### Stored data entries
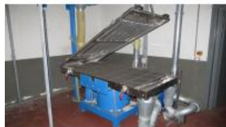
Referencia: MIC-059D TAMIZADOR Año: 2005 Marca: FUCHS Ancho mesa: .
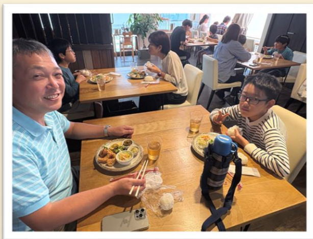
【新米で作ったおにぎりを食べます！】
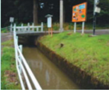
神社前を流れる古沢用水
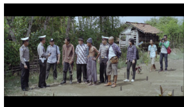
Gambar 3. Makam
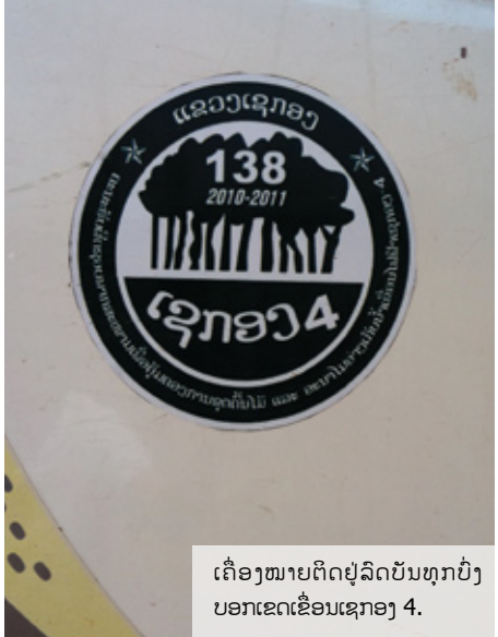
ເຄື່ອງໝາຍຕິດຢູ່ລິດບັນທຸກປົ່ງບອກເຂດເຂື່ອນເຊກອງ 4.

ລຸ່ກ່າຍອະທິບາຍວ່າທຸລະກິດການສົ່ງໄມ້ທ່ອນອອກໄປຫວຽດນາມຂອງພອນສັກຈະມີຄວາມສໍາຄັນກວ່າທຸລະກິດປຸງແຕ່ງໄມ້ ເພາະວ່າພອນສັກ ຜູ້ເປັນເຈົ້າຂອງຈະໄດ້ກໍາໄລເປັນເງິນສິດຢ່າງໄວວາ. ລາວເປີດເຜີຍວ່າພອນສັກໄດ້ເງິນຫລາຍຈາກການສົ່ງໄມ້ທ່ອນອອກໄປຫວຽດນາມ ເມື່ອທຽບກັບກໍາໄລທີ່ໄດ້ຮັບຈາກໂຮງງານໄມ້ປຸງພື້ນປາກເກ່.
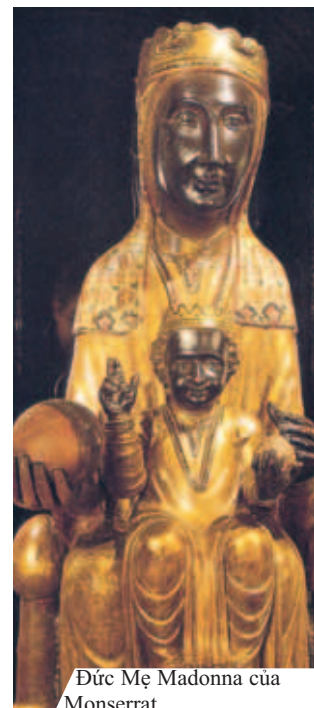
Đức Mẹ Madona của Montserrat
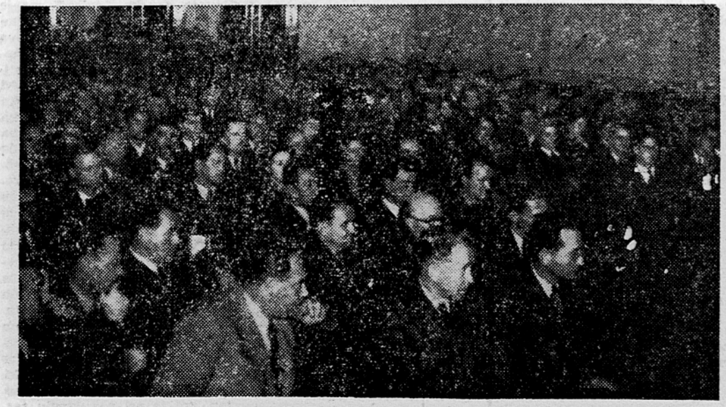
Včeraj popoldne je kandidat mesta Ljubljane za zvezno skupščino Edoard Kardelj o nabito polni dvorani Sindikalnega doma odgovarjal na številna vprašanja, ki so mu jih postavile terenske organizacije SZDL, sindikati, delavski sveti in posamezni delovni kolektivi. V svojem odgovoru se je dotaknil nek aktualnih političnih, gospodarskih in družbenih problemov ter pojasnil najrazličnejša vprašanja, ki zanimajo najširše kroge delovnih ljudi. Zlasti obširno se je zadržal na pojasnjevanju pomena in namena gospodarskih uredb, ki so že v javni diskusiji, kakor tudi tistih, ki so v pripravi ter o njihovem učinku na bodoči gospodarski razvoj. V tej zvezi se je dotaknil tudi problema obrtništva, bodoče vloge Narodne banke, odnosa podjetij do komunne, kmetijskega združništva ter vloge in razvoja socialistične trgovine. Obširno je govoril tudi o problemih socialnega zavarovanja in o zvezi s tem podčrtal bodočo vlogo ljudskih odborov in samih delovnih kolektivov za čim pravičnejše izvajanje razpoložljivih sredstev. Dotaknil se je tudi ukrepov za izraznoo cen ter pojasnjevanja stanovanjskih najemnin ter poudaril, da s tem nikakor ne bo prizadel življenjski standard delovnih ljudi. Njegovim oec kot triurnim izjavam, ki so jih sprejeli udeleženci konferenec z velikim odobravanjem, so prisostvovali med drugimi tudi predsednik Glavnega odbora SZDL Slovenije Miha Marinka.

Proizvodov. Tržne takse so v nekaterih mestih, posebno v Beogradu, precej visoke; le-te čisto znašajo tri do 4 odstotke vrednosti prometa, kar glede na razliko med odkupnimi in maloprodajnimi cenami predstavlja 4 do 6 odstotkov od odkupnih cen. Komisija ni predlagala, kako bi bilo treba organizirati inšpekcijo tržišč, smatrala pa je za potrebno, da se le-ta pojača. Prav tako je izrazila mnenje, da bi bilo treba bolj skrbeti za zalogo blaga pri velikih podjetjih, ki jih le-ta hranijo za tiste dni, ko se bodo cene blaga na tržiščih zvišale. Po vsej verjetnosti bi ukrepi, ki jih je predlagala komisija deloma izboljšali položaj na tržišču s kmetijskimi pridelki. Vendar je ta problem možno popolnoma rešiti šele tedaj, ko bodo mesta zagotovila potrebna tehnična sredstva za transport in vskladiščenje blaga (kemično, hladilnice, skladišča, delavnice za predelavo hitro pokvarljivega blaga itd.).
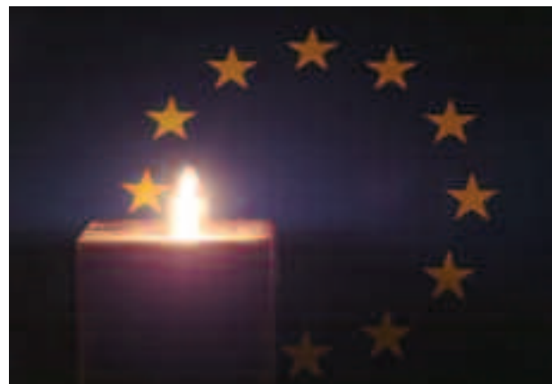
Vela encendida en el Día Internacional de los Derechos Humanos.

La Unión trabaja para mejorar los derechos humanos sirviéndose del diálogo, de consultas regulares y de otras herramientas, incluidas la ayuda al desarrollo y la promoción de la democracia, la formación en el ámbito de los derechos humanos y, en caso necesario, sanciones diplomáticas y económicas. La UE también ayuda a salvaguardar la paz y ayuda a la estabilización en
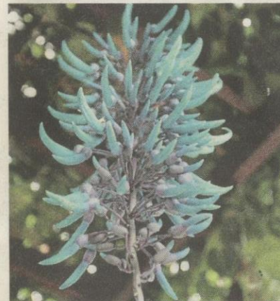
Tarikan bunga Vines tercantik dari Filipina, Jade Vine .

"Rancangan terbaru adalah membina laluan kereta kabel merentasi MARDI dan Ladang Teh Boh, pembinaan kolam ikan musim sejuk iaitu Trout dan Sturgeon dengan kerjasama Jabatan Perikanan serta pembukaan spa herba dengan kerjasama Koperasi Bigdee," katanya bersedia meningkatkan taraf agropelancongan ini bagi menarik lebih ramai pelancong domestik mahupun antarabangsa, kelak.
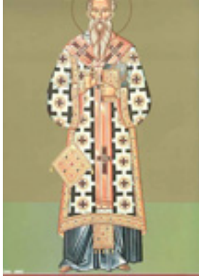
Άγιος Τάρασιος Αρχιεπίσκοπος Κωνσταντινούπολης
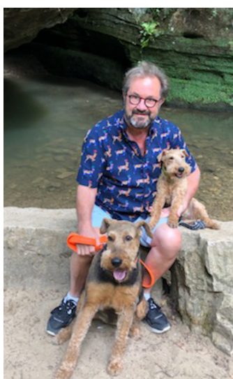
Zwee, déi ee kënnen op Trapp halen ...

Relax huet een de Gast eigentlech seelen erlieft. Dat erkläert och, datt déi nei Geloossenheet, déi hie weist, zënter datt den Dag vu senger Pensioun publik ass, engem esou opfällt.
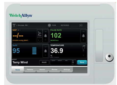
Ecran d'apparence du moniteur "Connex® VSM 6000" Réf. Article 8000977
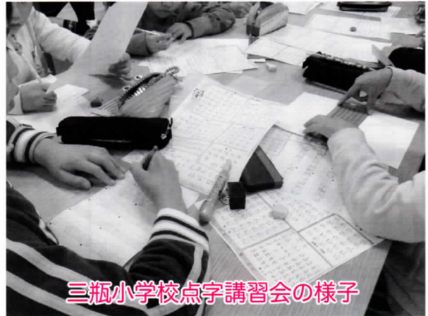
三瓶小学校点字講習会の様子
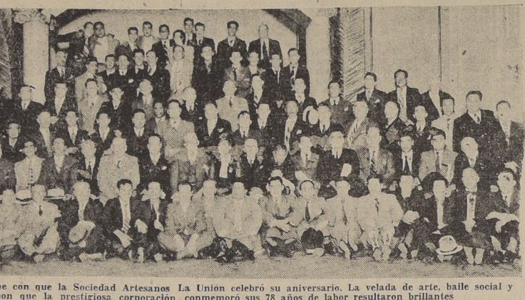
Asistentes a la asamblea solemne con que la Sociedad Artisanos La Unión celebró su aniversario. La velada de arte, baile social y demás festividades con que la prestigiosa corporación conmemoró sus 78 años de labor resultaron brillantes
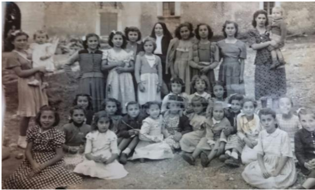
Fig. 44.: Excursió de l'escola de les monges de la Caritat. Any 1954.
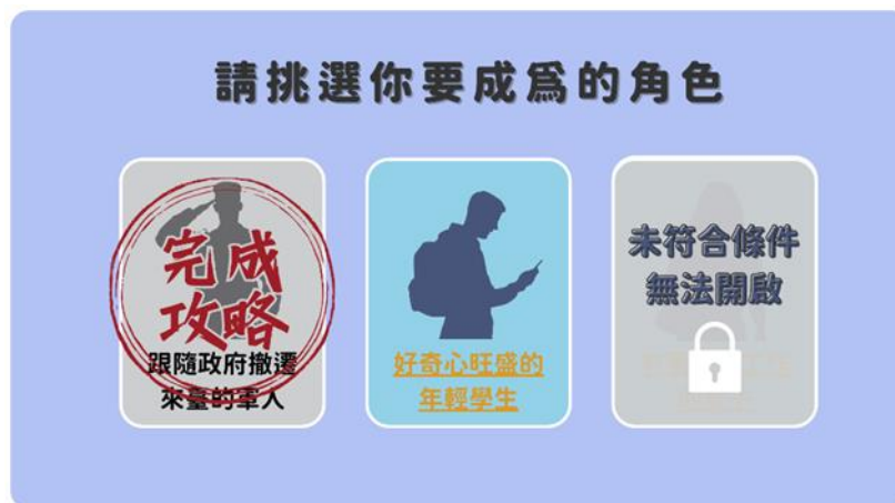
圖1 影片遊戲選角畫面

求配上音效，將之串聯成連續動畫，影片主要呈現為主角進行三位遊戲角色的遊戲攻略，在選角過程中出現的選擇畫面，則為「模擬沈浸式遊戲」的效果（如圖1）。
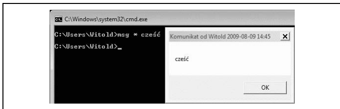
Rysunek 8.7. W oknie konsoli zostało wpisane polecenie wysłania komunikatu. Komunikat ma postać małego okna

3. Zapoznaj się z informacjami wyświetlonymi w oknie konsoli (rysunek 8.7).
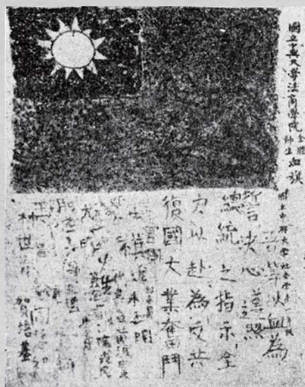
我國被迫退出聯合國，中興法商的大學生以血染國旗來明志。（遠流出版社提供）
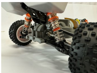
Ammortizzatori idraulici in alluminio con molle regolabili..
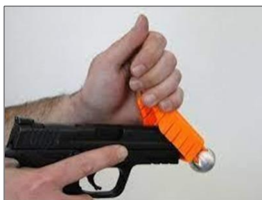
Fig. 4. Dispositivo Alternative siendo adosado a un arma convencional.

● Dispositivo alternativo: Conocido en el mercado como TheAlternative es un accesorio de proyección creado por la firma BruzerLessLethal International, dicho dispositivo es metálico de color naranja construido de una aleación ligera, se coloca sobre el tubo cañón de la pistola de servicio como si fuese un “capuchón”, a grandes rasgos su armazón está dividido por dos partes, una esfera de 30 mm de diámetro alineada con la boca del arma y una montura que es la va colocada sobre la corredera, ambos unidos entre sí por medio de pequeños vástagos. El modo de funcionamiento es sencillo, cuando el operador efectúa un disparo siempre apuntando al torso con TheAlternative colocado, el proyectil queda atrapado o envuelto por la esfera metálica la cual se separa de su montura cayendo ésta a escasos metros, en cuanto al proyectil este pierde hasta 5 veces su velocidad inicial, quedado entre 60 a 80 m/s, según la munición empleada, y crece su superficie de contacto de manera exponencial gracias al efecto envoltorio de la esfera, reduciendo de esta manera su penetración y haciendo prácticamente nula su posibilidad de herir de manera mortal al individuo.
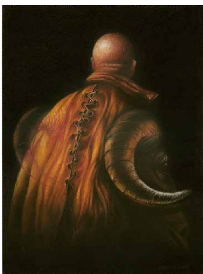
Sin título N.º 2 Pastel tiza s/papel 56 x 76 cm 2002 (IZQUIERDA)
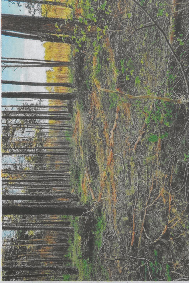
Mieszkańcy Bilczy są zbulwersowani wycinką drzew w okolicznych lasach.

Lesnicy tłumaczą, że wyręb drzew jest konieczny i będzie dalej prowadzony. - Wycinka odbywa się w wielu miejscach w rejonie Kielca a ta w Bilczy wcale nie jest największa - tłumaczy zastępca Nadleśniczego w Kielcach, Woj-
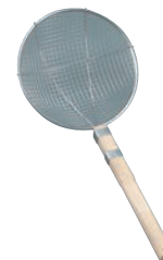
⑥ 18-8 木柄 丸型 スクイアミ 極荒
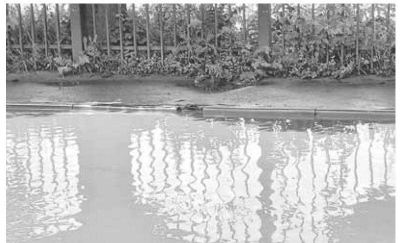
А це труба водовідведення на Винниченка. Її майже не видно з-за калабані

ремонт. Вулиця у переліку є, але чи візьмуться там латати ями — поки що достеменно не відомо.
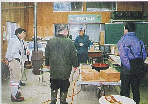
木材の利用を学びました
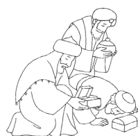
Epiphanie du Seigneur 4 janvier

Le dimanche 29 novembre sera le premier dimanche de l'Avent de notre Seigneur Jésus Christ, à qui soient l'honneur et la gloire, pour les siècles des siècles. Amen.
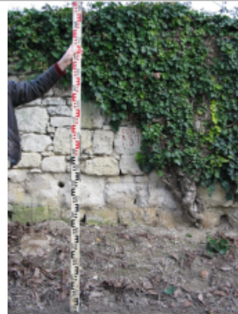
Site chemin des Zionnes 1872 (Limite sol)
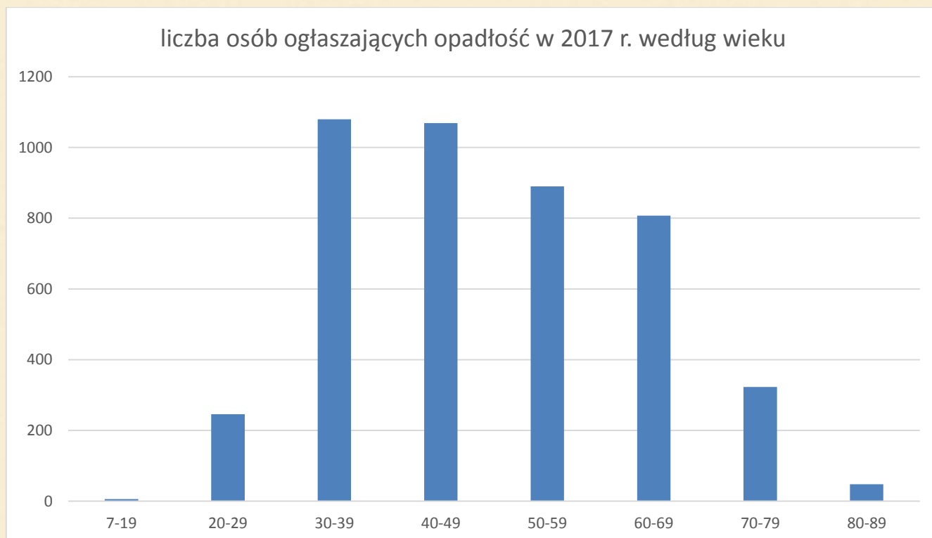
Struktura wieku osób ogłaszających upadłość w 2017 r.:

Jeżeli chodzi o wiek osób w stosunku, do których ogłoszono upadłość konsumencką w 2017 r. to najmłodsza osoba ma 7 lat, a najstarsza 89. Średnia wieku to 49 lat. Najwięcej upadłości dotyczy ludzi w wieku 30-39 lat 24,17%.
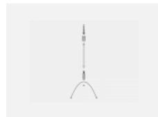
121-00301, N Seilaufhängung 4000mm
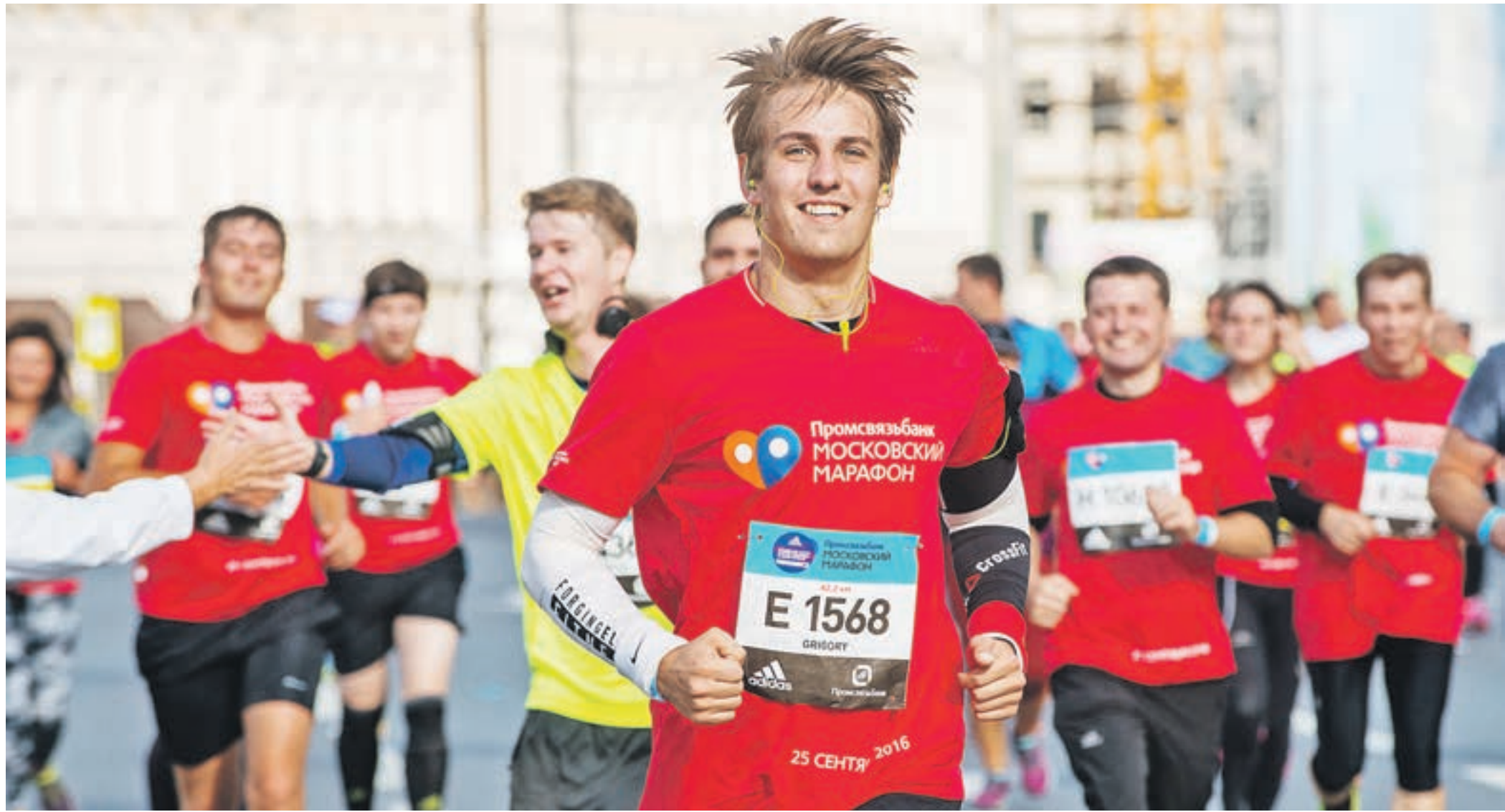
25 сентября 11:47 Участники Московского марафона пробежали по центральным улицам столицы. Вдоль маршрута марафонцев подбадривали зрители, протягивая им свои ладони, говоря: «Молодцы! Вы сможете!»

воскресенье, 25 сентября улицы Москвы превратились в одну большую спортивную площадку, на которой состоялся классический марафон — бег на дистанции 42,2 километра. Этот старт входит в состав Международной ассоциации марафонов и забегов AIMS. Кроме того, параллельно все желающие могли принять участие в забеге-спутнике на 10 километров. Марафон в Москве набирает популярность колоссальными темпами. Сообщество атлетов, преодолевающих обозначенные выше дистанции, растет едва ли не с геометрической прогрессией. Если в 2013 году на старт столичного марафона вышли 5 тысяч атлетов, то в этом году количество участников насчитывало уже 30 тысяч. Если говорить о географии участников, то и эти цифры производят гло-

### To do
Above are some records. Output exactly the lines from the one that contains "ເຄື່ອງໝາຍຕິດຢູ" to the one that contains "Đức Mẹ Madona của Montserrat", keeping both, and omit the pictures.

### Exercise answer
ເຄື່ອງໝາຍຕິດຢູ່ລິດບັນທຸກປົ່ງບອກເຂດເຂື່ອນເຊກອງ 4.

ລຸ່ກ່າຍອະທິບາຍວ່າທຸລະກິດການສົ່ງໄມ້ທ່ອນອອກໄປຫວຽດນາມຂອງພອນສັກຈະມີຄວາມສໍາຄັນກວ່າທຸລະກິດປຸງແຕ່ງໄມ້ ເພາະວ່າພອນສັກ ຜູ້ເປັນເຈົ້າຂອງຈະໄດ້ກໍາໄລເປັນເງິນສິດຢ່າງໄວວາ. ລາວເປີດເຜີຍວ່າພອນສັກໄດ້ເງິນຫລາຍຈາກການສົ່ງໄມ້ທ່ອນອອກໄປຫວຽດນາມ ເມື່ອທຽບກັບກໍາໄລທີ່ໄດ້ຮັບຈາກໂຮງງານໄມ້ປຸງພື້ນປາກເກ່.
Đức Mẹ Madona của Montserrat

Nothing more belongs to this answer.